Joe Camel may not be the only tobacco industry promotional tool disappearing from public view in Idaho.
The Caldwell Night Rodeo’s Skoal-Copenhagen scoreboard also may fall by the wayside.
The traveling scoreboards at many rodeos will disappear if Congress approves legislation to curb tobacco advertising.
Although the Caldwell rodeo has a contract with Skoal-Copenhagen for this year’s August event, congressional action would deal it a blow, rodeo secretary Bobbie Farish said.
Skoal-Copenhagen brings its own scoreboards and employees to run them for rodeo events.

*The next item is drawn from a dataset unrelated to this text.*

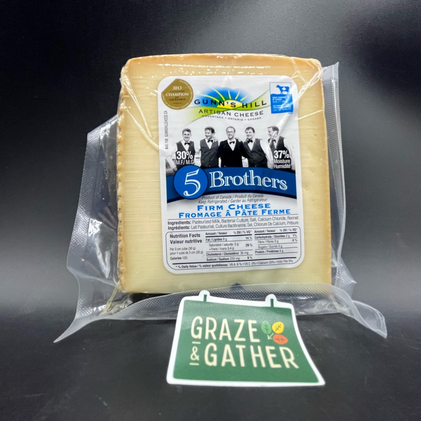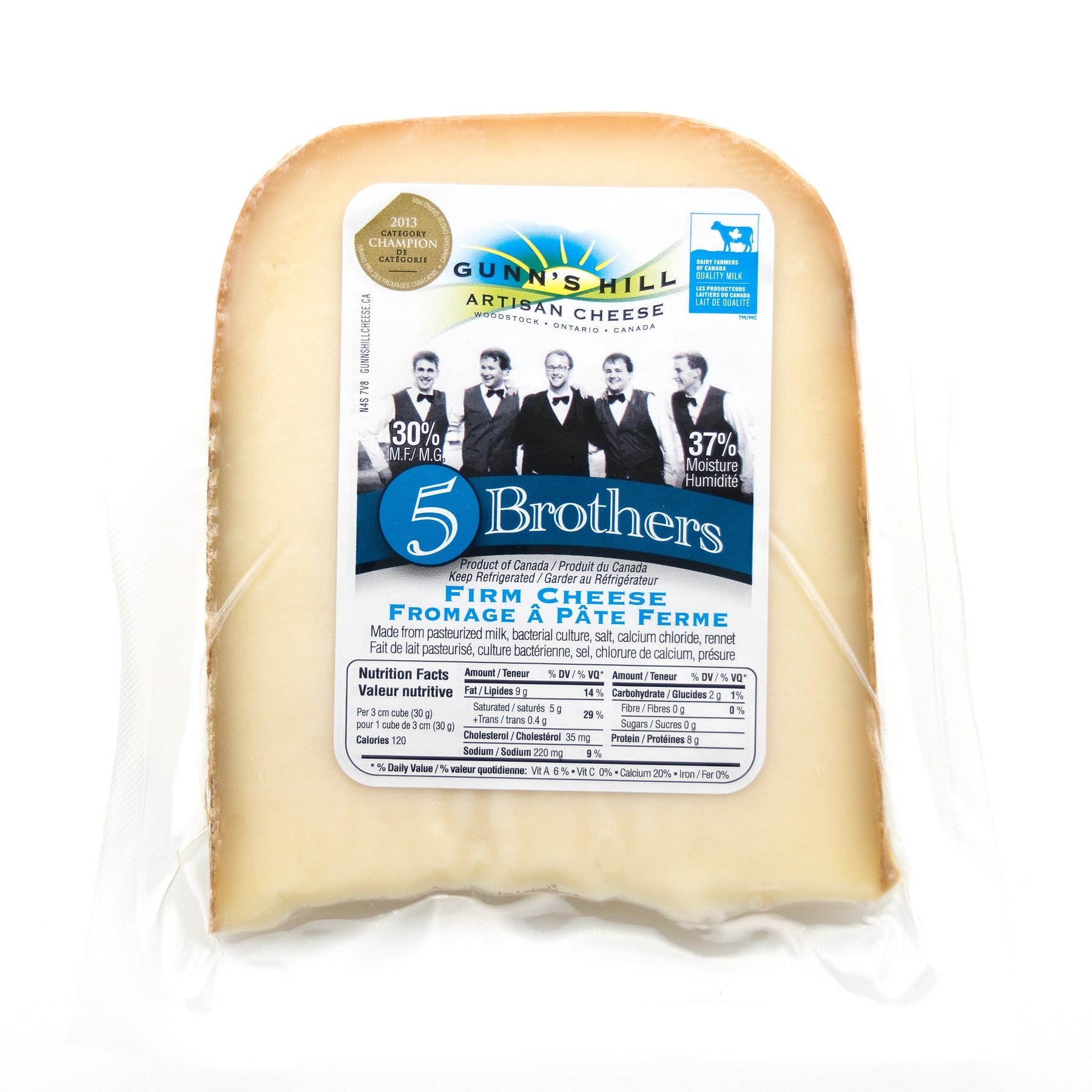 This is a hand crafted washed rind cow's milk cheese that combines traits from Gouda and another Swiss variety called Appenzeller. It is delicately aged on cedar wood planks adding robust flavors to the cheese. It has creamy and rich flavors with sweeter overtones and distinctive eyes throughout the body of the cheese. All of the milk used comes from the family dairy farm of Gunn's Hill Artisan Cheese in Woodstock, Ontario. It pairs well with white wines such as Chardonnay and Sauvignon Blanc and also Pilsner beers.

Skoal-Copenhagen is a division of United States Tobacco Co.
“It would be a loss for the fans as well as we as a rodeo committee,” Farish said.
But the development was praised by an American Cancer Society official.
“The American Cancer Society has supported those (advertising) bans for many years,” said Steven Dickinson, vice president.
According to information released by the organization, the U.S. Surgeon General has concluded smokeless tobacco can cause nicotine addiction and cancer. In all, 78.6 percent of daily smokeless tobacco users have noncancerous and precancerous oral lesions.
Smokeless tobacco is also linked to cardiovascular disease and cancers of the esophagus, larynx and stomach, according to Oregon Research Institute data.
R.J. Reynolds Tobacco Co. recently pulled its Joe Camel ads.
“The tobacco industry has done all they can to try to link chewing tobacco and smoking with healthy lifestyles and events - sporting events like rodeo - when in fact, the health consequences of smoking are as contradictory to the athletic lifestyle as can be,” Dickinson said.